OpenAI Privacy Filter

OpenAI Privacy Filter is a bidirectional token-classification model for personally identifiable information (PII) detection and masking in text. It is intended for high-throughput data sanitization workflows where teams need a model that they can run on-premises that is fast, context-aware, and tunable. The model labels an input sequence in a single forward pass, then decodes coherent spans with a constrained Viterbi procedure, predicting probability distributions over 8 privacy-related output categories for each input token.

Links: Documentation

[Privacy Filter] Add model (#45580) by @vasqu in #45580

QianfanOCR

Qianfan-OCR is a 4B-parameter end-to-end document intelligence model developed by Baidu that performs direct image-to-text conversion without traditional multi-stage OCR pipelines. It supports a broad range of prompt-driven tasks including structured document parsing, table extraction, chart understanding, document question answering, and key information extraction all within one unified model. The model features a unique "Layout-as-Thought" capability that generates structured layout representations before producing final outputs, making it particularly effective for complex documents with mixed element types.

Links: Documentation | Paper

add Qianfan-OCR model definition (#45280) by @marvinzh in #45280

SAM3-LiteText

SAM3-LiteText is a lightweight variant of SAM3 that replaces the heavy SAM3 text encoder (353M parameters) with a compact MobileCLIP-based text encoder optimized through knowledge distillation, while keeping the SAM3 ViT-H image encoder intact. This reduces text encoder parameters by up to 88% while maintaining segmentation performance comparable to the original model. The model enables efficient vision-language segmentation by addressing the redundancy found in text prompting for segmentation tasks.

Links: Documentation | Paper

Add SAM3-LiteText (#44320) by @NielsRogge in #44320

SLANet

SLANet and SLANet_plus are lightweight models designed for table structure recognition, focusing on accurately recognizing table structures in documents and natural scenes. The model improves accuracy and inference speed by adopting a CPU-friendly lightweight backbone network PP-LCNet, a high-low-level feature fusion module CSP-PAN, and a feature decoding module SLA Head that aligns structural and positional information. SLANet was developed by Baidu PaddlePaddle Vision Team as part of their table structure recognition solutions.

Links: Documentation

[Model] Add SLANet Model Support (#45532) by @zhang-prog in #45532

Breaking changes

The internal rotary_fn is no longer registered as a hidden kernel function, so any code referencing self.rotary_fn(...) within an Attention module will break and must be updated to call the function directly instead.

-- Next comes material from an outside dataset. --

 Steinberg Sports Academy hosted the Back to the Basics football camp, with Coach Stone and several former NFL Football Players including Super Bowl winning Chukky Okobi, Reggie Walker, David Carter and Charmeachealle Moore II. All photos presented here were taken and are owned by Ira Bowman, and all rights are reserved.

🚨 [Kernels] Fix kernel function registration (#45420) by @vasqu

Serve

The transformers serve command received several enhancements, including a new /v1/completions endpoint for legacy text completion, multimodal support for audio and video inputs, improved tool-calling via parse_response, proper forwarding of tool_calls/tool_call_id fields, a 400 error on model mismatch when the server is pinned to a specific model, and fixes for the response API. Documentation was also updated to cover new serving options such as --compile and --model-timeout.

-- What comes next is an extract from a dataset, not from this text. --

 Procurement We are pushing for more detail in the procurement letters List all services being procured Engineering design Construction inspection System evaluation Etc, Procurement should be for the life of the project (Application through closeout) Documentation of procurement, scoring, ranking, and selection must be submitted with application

Add /v1/completions endpoint (OpenAI legacy completions API) to transformers serve (#44558) by @rain-1 in [#44558]
Updated the image cache for Paddle models according to the latest API (#45562) by @zhang-prog in [#45562]
Raise 400 on model mismatch when transformers serve is pinned (#45443) by @qgallouedec in [#45443]
[serve] Update tool call to switch to parse_response (#45485) by @SunMarc in [#45485]
Fix response api support (#45463) by @SunMarc in [#45463]
[serve] Forward tool_calls/tool_call_id in processor inputs (#45418) by @qgallouedec in [#45418]
refactor(qa): extend extras so ty can run on server modules (#45456) by @tarekziade in [#45456]
Multimodal serve support (#45220) by @SunMarc in [#45220]
[docs] transformers serve (#45174) by @stevhliu in [#45174]

Vision

Several vision-related bug fixes were applied in this release, including correcting Qwen2.5-VL temporal RoPE scaling for still images, fixing missing/mismatched image processor backends for Emu3 and BLIP, resolving modular image processor class duplication, and preventing accelerate from incorrectly splitting vision encoders in PeVideo/PeAudioVideo models. Image loading performance was also improved by leveraging torchvision's native decode_image in the torchvision backend, yielding up to ~17% speedup over PIL-based loading.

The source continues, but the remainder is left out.